Les deux hommes se battent:
Le seigneur de Clare lança à Tomâs Fuilteach un coup qui lui immobilisa la main droite, et par suite, il allait avoir le dessus, lorsque la hase arriva ; elle lança au seigneur de Clare un jet d’eau entre les deux yeux, et peu s’en fallut qu’elle ne l’aveuglât.
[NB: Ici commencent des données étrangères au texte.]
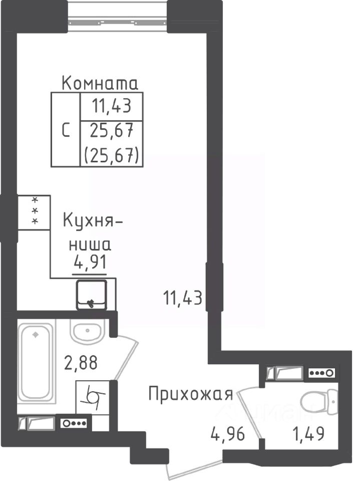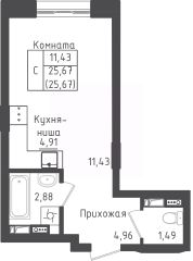 Продаётся студия в строящемся доме (Дом 1), срок сдачи: I-кв. 2026, общей площадью 25.67 кв.м., на 2 этаже. Квартал жилой застройки "Зеленый Оазис-Город"

Lorsqu’il fut à moitié aveugle, Tomâs Fuilteach lui donna un coup de pointe dans le ventre et ses entrailles se répandirent sur l’herbe.
Le seigneur de Clare est tué et Tômas Fuilteach, qui une fois de plus a fait honneur à son nom, enterre son cadavre dans le "trou puant" de la hase.
La hase noire, c’était la grand-mère de Tomâs Fuilteach, et elle pouvait se changer en belette, anguille ou toute autre chose, n’importe quand.
Contrairement au conte précédent, on voir donc qu'ici, s'il est toujours en lien avec la magie, le lièvre est plutôt du côté du mal que de celui du bien.
Illustration de Chiara Magnani (source) |
(Vous retrouverez cette histoire ici)
Je préfère effectivement le 1er conte de cette publication, le compromis passé entre Diarmuid et Caoilte.